◆ **What you are asked to do**:
Starting at the line that contains "Brands that use" and ending at the line that contains "圖 1不同類型萃取劑對(duì)污泥中重金屬萃取量Fig.1Extraction concentrations", the lines below are to be given again exactly, with nothing added.

◆ **Source records**:

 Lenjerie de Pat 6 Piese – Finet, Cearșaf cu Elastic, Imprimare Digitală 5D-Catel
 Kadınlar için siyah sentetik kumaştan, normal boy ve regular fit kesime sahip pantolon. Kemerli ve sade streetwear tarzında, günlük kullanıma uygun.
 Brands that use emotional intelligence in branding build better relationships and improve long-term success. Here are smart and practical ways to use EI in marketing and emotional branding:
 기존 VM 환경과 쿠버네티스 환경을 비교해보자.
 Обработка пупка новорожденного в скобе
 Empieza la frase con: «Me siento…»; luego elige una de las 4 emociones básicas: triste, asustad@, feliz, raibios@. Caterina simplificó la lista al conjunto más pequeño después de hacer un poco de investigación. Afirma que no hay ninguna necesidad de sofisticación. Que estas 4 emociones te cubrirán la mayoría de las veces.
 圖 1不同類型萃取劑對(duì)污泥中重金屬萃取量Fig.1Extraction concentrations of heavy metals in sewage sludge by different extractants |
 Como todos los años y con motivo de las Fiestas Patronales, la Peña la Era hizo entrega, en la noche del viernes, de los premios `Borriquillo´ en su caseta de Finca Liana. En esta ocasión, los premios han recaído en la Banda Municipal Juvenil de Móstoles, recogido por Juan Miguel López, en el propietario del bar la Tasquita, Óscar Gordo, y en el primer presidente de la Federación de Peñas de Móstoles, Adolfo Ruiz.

==

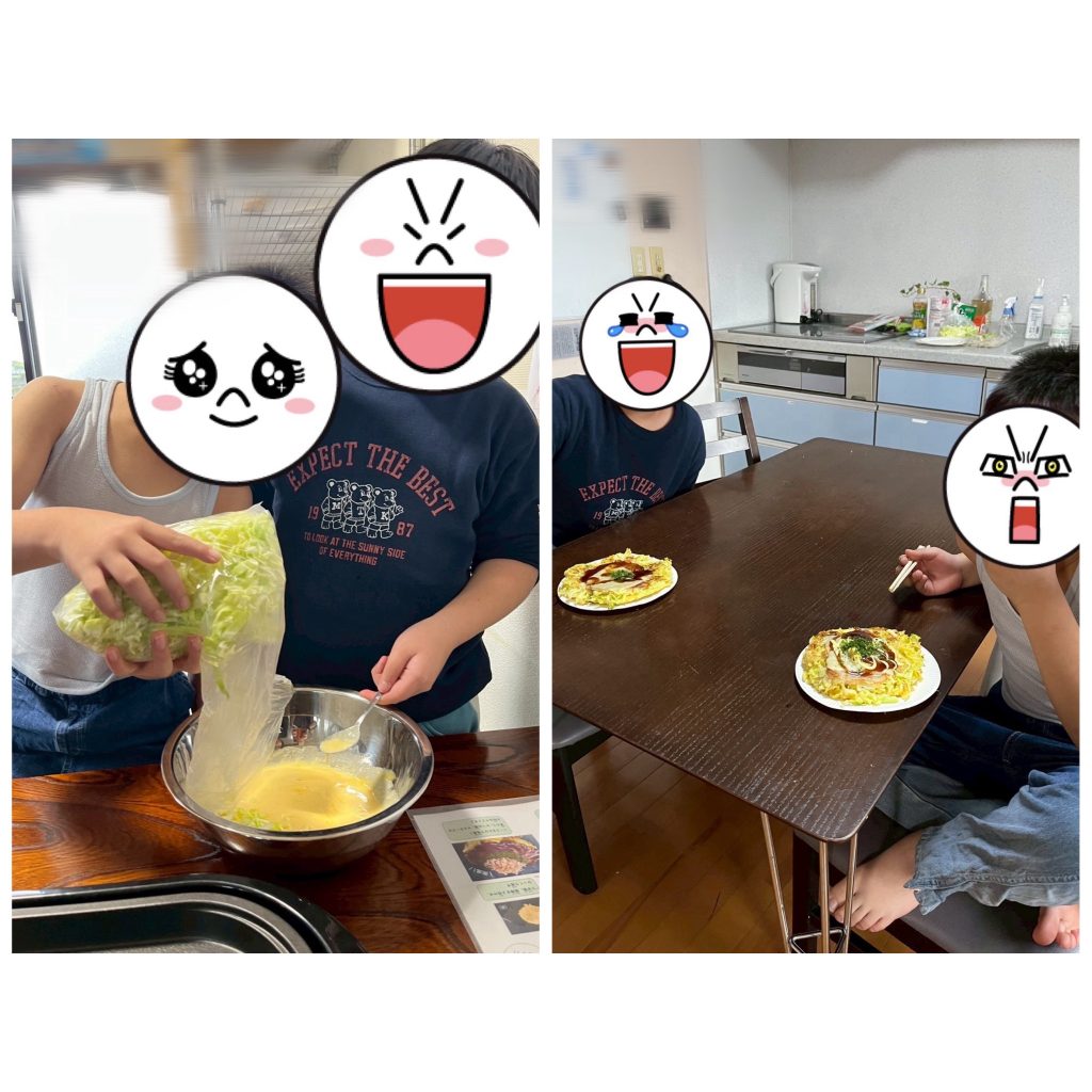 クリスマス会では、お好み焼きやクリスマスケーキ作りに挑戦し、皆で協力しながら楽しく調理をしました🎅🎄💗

◆ **Answer to this exercise**:
 Brands that use emotional intelligence in branding build better relationships and improve long-term success. Here are smart and practical ways to use EI in marketing and emotional branding:
 기존 VM 환경과 쿠버네티스 환경을 비교해보자.
 Обработка пупка новорожденного в скобе
 Empieza la frase con: «Me siento…»; luego elige una de las 4 emociones básicas: triste, asustad@, feliz, raibios@. Caterina simplificó la lista al conjunto más pequeño después de hacer un poco de investigación. Afirma que no hay ninguna necesidad de sofisticación. Que estas 4 emociones te cubrirán la mayoría de las veces.
 圖 1不同類型萃取劑對(duì)污泥中重金屬萃取量Fig.1Extraction concentrations of heavy metals in sewage sludge by different extractants |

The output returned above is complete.